What do you do if you’re young, attractive, witty, fabulously wealthy and your brother is Emperor of Europe? I would probably buy a less damp house where my shoes don’t go mouldy…

…and maybe a nice little army with lovely shiny boots and slightly-too-tight trousers…

Sadly, given my brother’s disappointing lack of ambition, these modest dreams are doomed to failure.

Celebrities sometimes forget that fabrics can look more transparent in bright studio lighting.

The Duke of Wellington’s favourite painting of Pauline.
Probably because you can see her boobies.

Pauline Bonaparte used her wealth, power and beauty to become a famous naked statue, and one of the 19th century’s most celebrated collectors of sexually transmitted infections.

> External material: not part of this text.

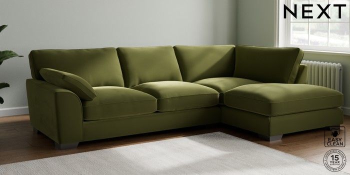 7.3.1 Buy Stamford Grand Relaxed Sit Large Corner Chaise - Right Hand Plush Velvet Easy Clean Mid Olive Green Large Square Angle - Gunmetal from the Next UK online shop

I started out thinking this was a terrible waste, but actually it’s probably a better use of time than fighting expensive wars or troubling yourself with the ruling of a country – both of which seriously restrict the time available for having baths and buying transparent dresses.

Last week, I went to Rome, and totally failed to visit the famous statue of Pauline by Canova (due to a guidebook malfunction). I did however, get to see a pair of her tiny shoes in the Museo Napoleonico – joy! The three gallery attendants, who were the only other people in the building, were highly amused at my slipper-induced excitement. Clearly they didn’t realise the reverence with which Pauline Bonaparte’s famously exquisite feet were held in the 19th century.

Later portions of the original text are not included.